- ACTION ITEM
Every line of the listing below from the one with "在全国首家驾校公园——位于亭" up to and including the one with "3 kr. 1597 Sa" should be retyped exactly, and nothing else; pictures are not part of the copy.
──────────────────────────────
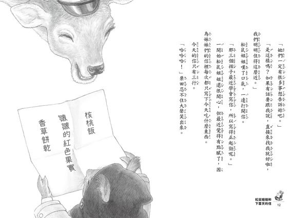 每一頁都有著精美細膩又精采絕倫的插圖,將核桃森林的自然風光、人物角色蓬鬆的毛髮、看起來美味的茶和甜點,以及松鼠姐姐房間的景像都描繪得惟妙惟肖。松鼠姐姐的住所──落葉松樹洞裡的家,也充滿著迷人魅力。與孩子一同閱讀,享受美好的圖像語言。
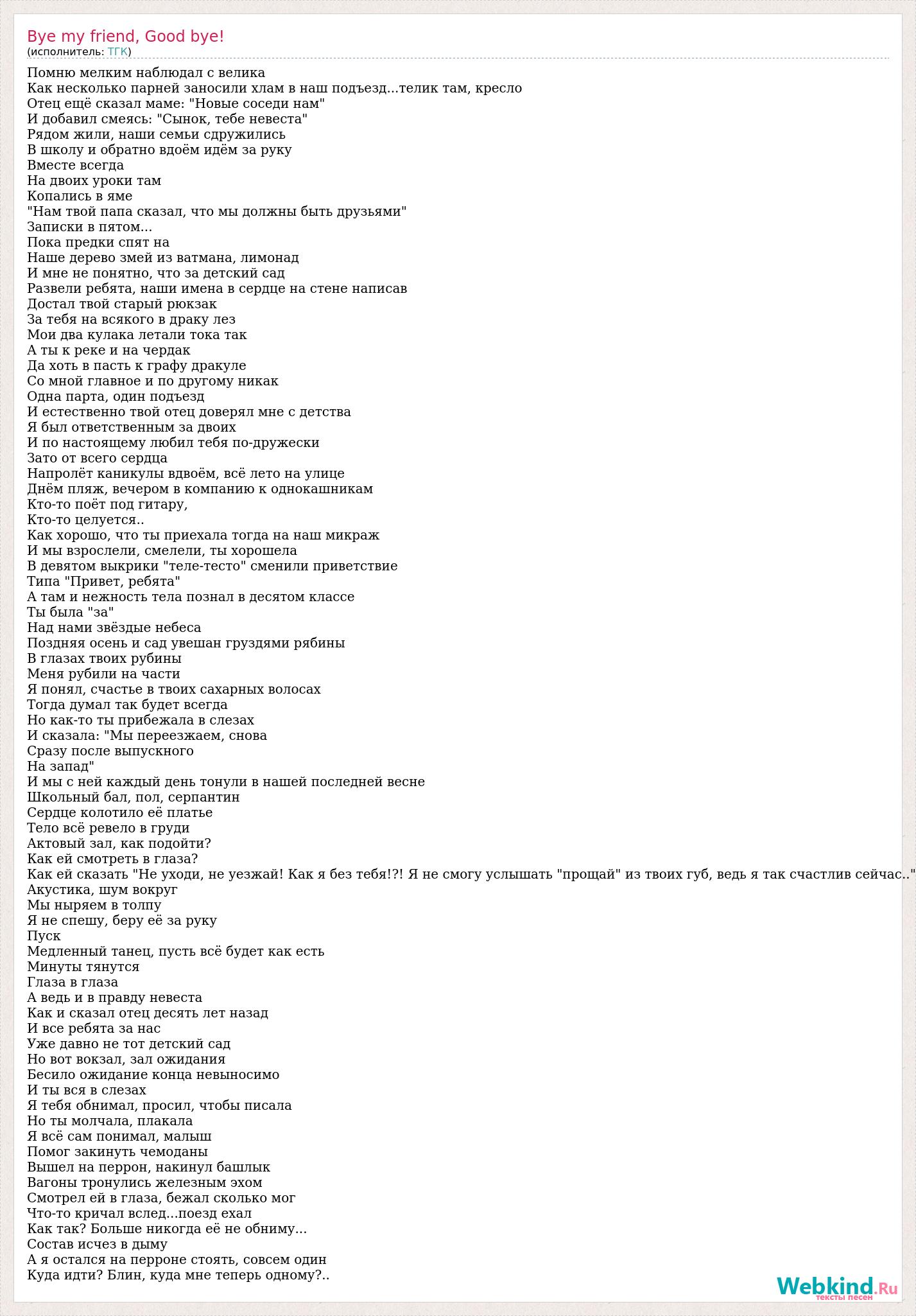 А как ты думаешь, о чем песня "Bye my friend, Good bye!" ?
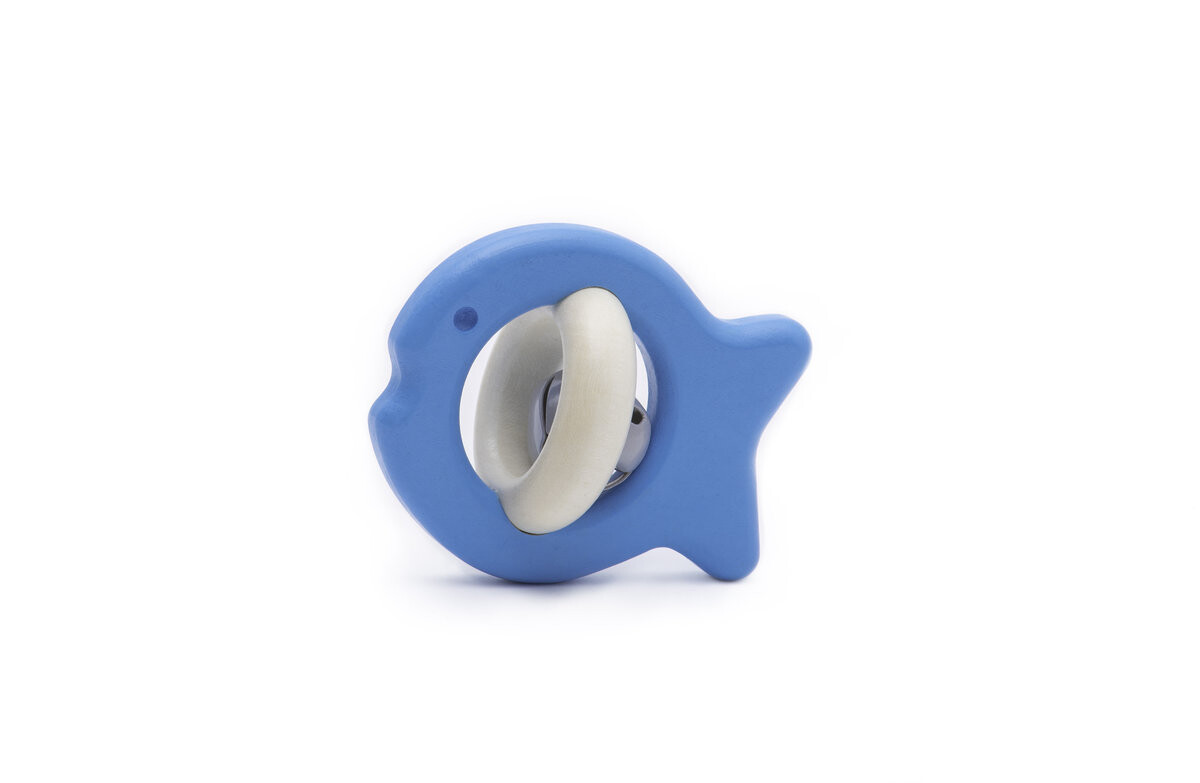 Погремушка веселится своим колокольчиком. На какое животное оно похоже? Это рыба. Простая форма погремушки дополнена рисунком силуэта животного, в центре - колокольчик. Он не выпадет из погремушки, поскольку окружен двумя пересекающимися кругами. Один представляет собой отверстие в элементе с контуром рыбы, а другой — кольцо, расположенное под прямым углом. Погремушка дает вашему ребенку множество преимуществ. Он влияет на слух, мягко стимулируя слуховую концентрацию. Это также способствует развитию мелкой моторики. Однако форма игрушки позволяет ребенку открыть для себя хват пальцев благодаря форме, адаптированной к возможностям маленьких ручек.
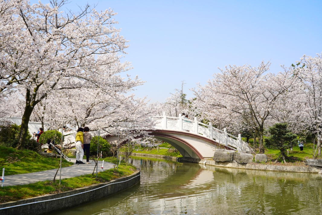 在全国首家驾校公园——位于亭林镇亭西村的亭林驾校公园内,有一个樱花主题公园,每年樱花季,许多游客慕名而来,感受春天的气息。走上樱花步道,200多棵樱花树排列在两侧,梦幻的樱花争相竞放。步道蜿蜒至深处,就是50亩的樱花主题公园。亭榭映湖处,500多棵樱花树环抱,一朵朵粉白的樱花在枝头绽放。盛花时节,一条1.5公里长的樱花大道花开如云似雪,美不胜收……
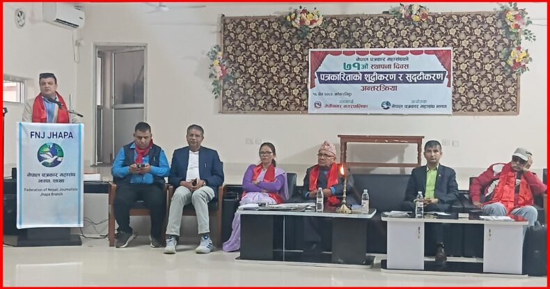 महासंघ झापाका अध्यक्ष एकराज गिरीको अध्यक्षतामा भएको कार्यक्रममा पूर्व केन्द्रीय महासचिव चन्द्र भण्डारी, कोशी प्रदेश उपाध्यक्ष अम्बिका भण्डारीलगायतले पत्रकारिताको शुद्धीकरण र सुदृढीकरणमा जोड दिएका थिए। सोही क्रममा ११ बुँदे ‘झापा संकल्प–पत्र २०८२’ पारित गरिएको छ।
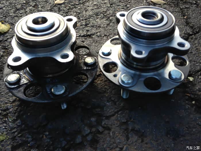 为了检测轮轴状态,我把车子前段架起来,挂D挡空原地踩到100公里的速度,没有听到前面传来太大噪音。看来噪音主要来自后面。所以决定更换后轮轴承。我买来了一对儿后轮轴承,60多美元,美国牌子,中国造,副厂货。估计不能像原厂货那样耐用,不过这车估计也就再开个一两年就会换掉了,也没必要搞那么好的。原厂货一个的价钱都能买我这两对儿的了。
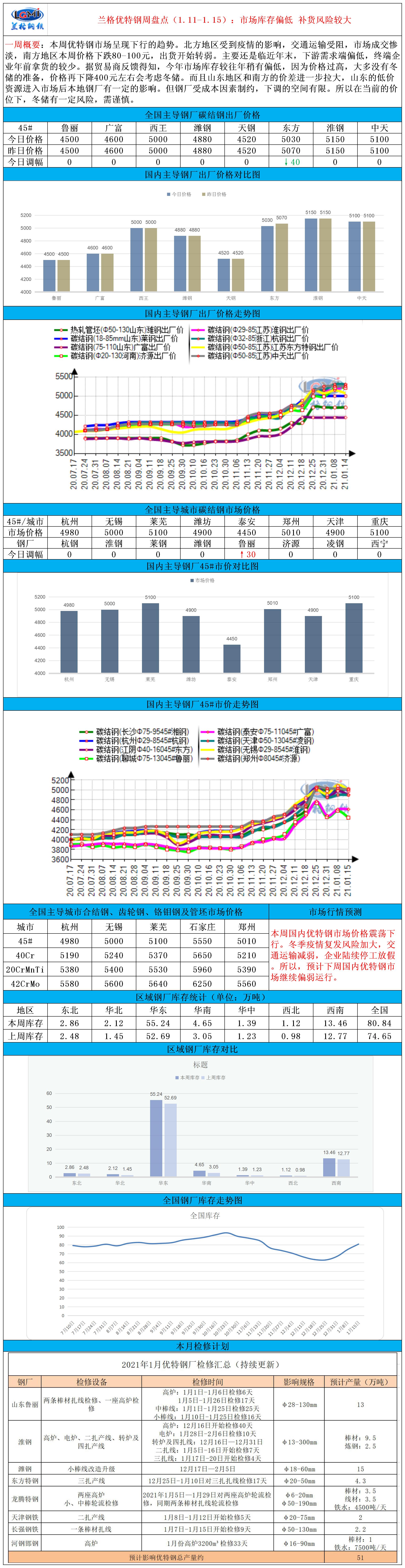 - 兰格优特钢周盘点(1.11-1.15):市场库存偏低 补货风险较大2021/1/15
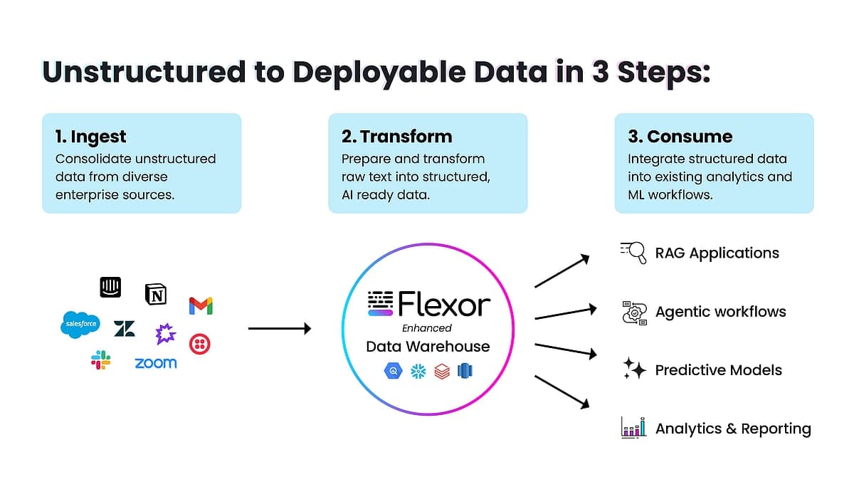 As AI continues to advance, Flexor’s technology is poised to play a critical role in unlocking new possibilities for data-driven innovation by unifying all kinds of natural language sources, integrating unstructured data into decision-making processes, enabling more integration with sophisticated AI applications (like RAG and agentic systems), and creating feedback loops for AI systems.
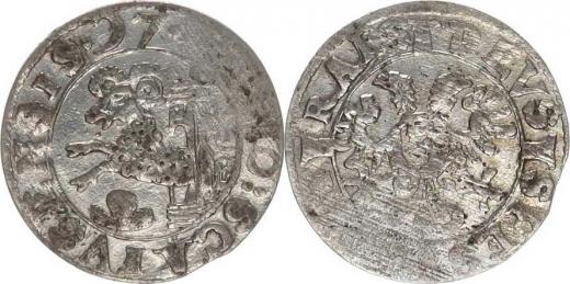3 kr. 1597 Sa 1631 var.: čísl. 9 ražená jako obrácené C 2,269 g_část nedoraž., jinak
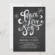 Ruhe, Liebe und Freude Rustikale Chalkboard Holiday Party Einladung Individuelle Feier Einladung mit whimsical Drehbuch von "PEACE, LIEBE AND JOY" und ein Chalkboard Hintergrund.
──────────────────────────────
- YOUR RESPONSE
 在全国首家驾校公园——位于亭林镇亭西村的亭林驾校公园内,有一个樱花主题公园,每年樱花季,许多游客慕名而来,感受春天的气息。走上樱花步道,200多棵樱花树排列在两侧,梦幻的樱花争相竞放。步道蜿蜒至深处,就是50亩的樱花主题公园。亭榭映湖处,500多棵樱花树环抱,一朵朵粉白的樱花在枝头绽放。盛花时节,一条1.5公里长的樱花大道花开如云似雪,美不胜收……
 महासंघ झापाका अध्यक्ष एकराज गिरीको अध्यक्षतामा भएको कार्यक्रममा पूर्व केन्द्रीय महासचिव चन्द्र भण्डारी, कोशी प्रदेश उपाध्यक्ष अम्बिका भण्डारीलगायतले पत्रकारिताको शुद्धीकरण र सुदृढीकरणमा जोड दिएका थिए। सोही क्रममा ११ बुँदे ‘झापा संकल्प–पत्र २०८२’ पारित गरिएको छ।
 为了检测轮轴状态,我把车子前段架起来,挂D挡空原地踩到100公里的速度,没有听到前面传来太大噪音。看来噪音主要来自后面。所以决定更换后轮轴承。我买来了一对儿后轮轴承,60多美元,美国牌子,中国造,副厂货。估计不能像原厂货那样耐用,不过这车估计也就再开个一两年就会换掉了,也没必要搞那么好的。原厂货一个的价钱都能买我这两对儿的了。
 - 兰格优特钢周盘点(1.11-1.15):市场库存偏低 补货风险较大2021/1/15
 As AI continues to advance, Flexor’s technology is poised to play a critical role in unlocking new possibilities for data-driven innovation by unifying all kinds of natural language sources, integrating unstructured data into decision-making processes, enabling more integration with sophisticated AI applications (like RAG and agentic systems), and creating feedback loops for AI systems.
3 kr. 1597 Sa 1631 var.: čísl. 9 ražená jako obrácené C 2,269 g_část nedoraž., jinak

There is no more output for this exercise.